If imagination’s birth had come from something as ignoble as fear, then, at last, Kellaras understood this eternal war. By a wilful twist of the mind, he could of course choose to be selective in what he saw, and what he felt, and, from those two forces in combination, in what he believed. A brightly gaze, then, to paint the world with the bliss of optimism, and every wonder crafted by the hand, whether mundane tool or glorious edifice, as symbols of the triumphant spirit. But each such pronouncement, no matter how bold the assertion, or how adamant the claim to virtue, was but a cry in the face of a deeper silence, a silence in which lurked a vague unease, a yearning for something else, something more.
Lift high gods and goddesses, if you will. Dream of exaltation, in what the altar bleeds, in what the fires burn, in what art we raise, in what industry we occupy our lives. Each is lifted into view from an ineffable need, a yearning, a hunger to fill some empty space inside.
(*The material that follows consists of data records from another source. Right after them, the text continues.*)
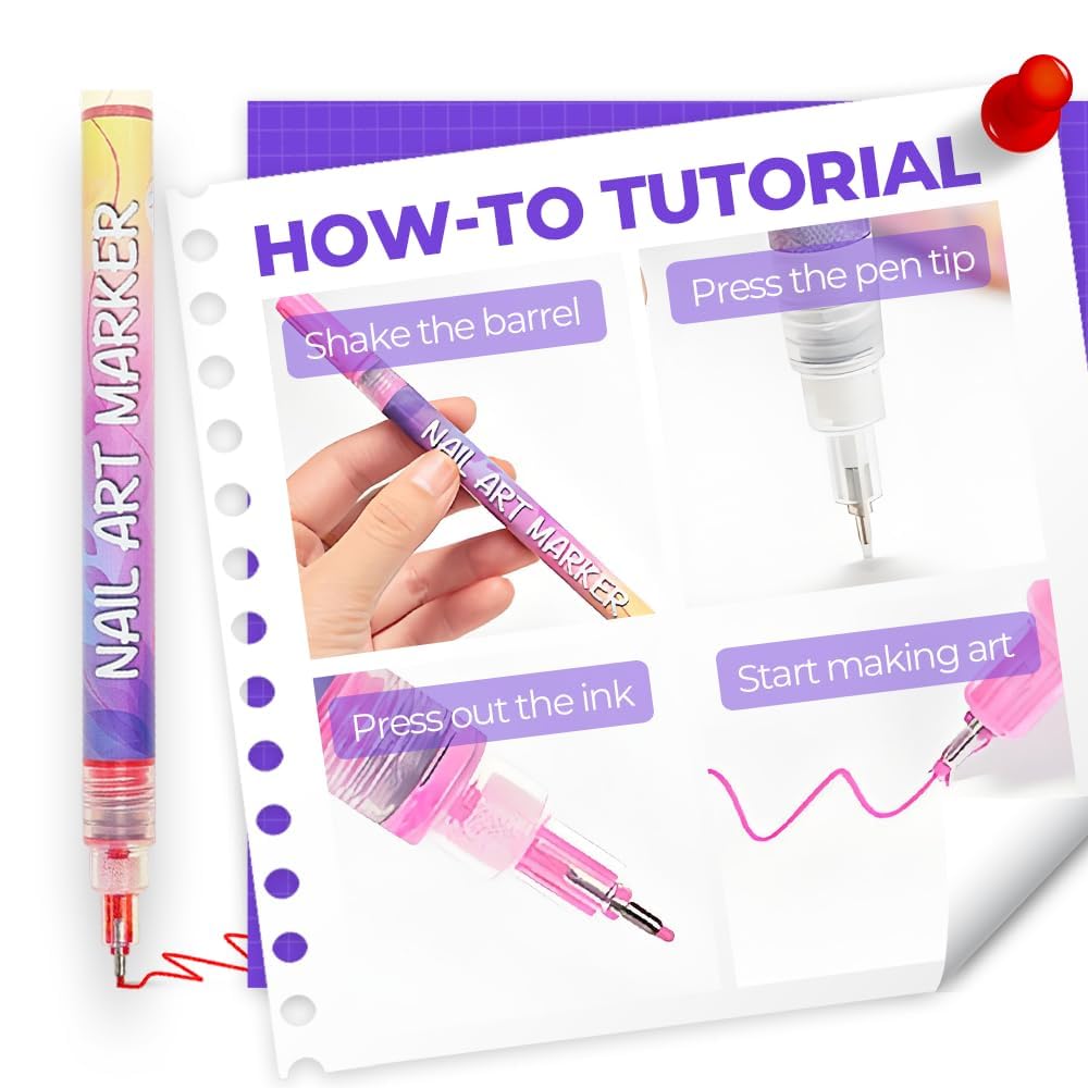 • 【Easy DIY Nail Patterns】These nail markers for nail art are ideal for creating intricate patterns at home. Achieve everything from simple dots and stripes to detailed designs like flowers and animals with the nail polish markers set for beginners and nail art enthusiasts.
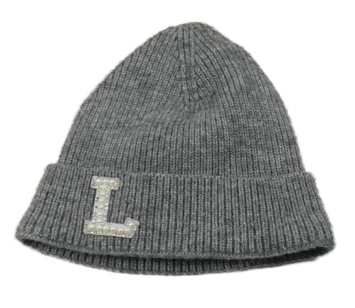 Sivá melírovaná rebrovaná čapica s písmenem z kamínků a perel Y.F.K.
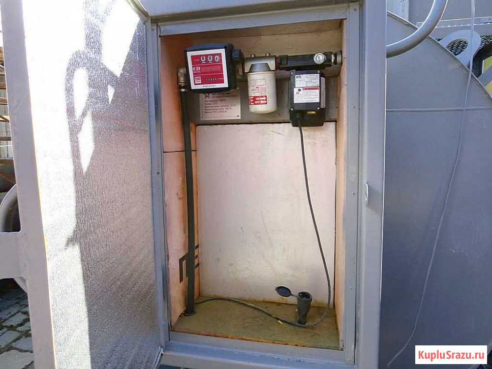 Комплектация: Топливный двустенный резервуар с комплектом технологического оборудования. Электрический насос выдачи топлива. Фильтр очистки топлива. Заправочный пистолет с рукавом 6 метров. Механический счетчик. Шкаф выдачи с дверцей. Узел наполнения на крыше люка-лаза

Our spirits are not whole. Some crucial piece has been carved from them. If we go back, and back, to a forest such as this one, and make for ourselves an entire world of the same, we come to the silence, and the isolation, and the seed-ground of our every thought, beaten down, unlit and awaiting the season’s turn. We come to our beginning, before the walls, before the keeps and towers, with nothing but living wood encircling our precious glade.
In such a place, the gods and goddesses must step down from the high heavens, and kneel, with us, in humility.
But Kellaras was not so naïve as to imagine such a return. The rush and the conflagration of progress were demonic in their intensity. And we stake our lives in this fight for our place in things we ourselves invented. And in our new world, nature is indeed very far away.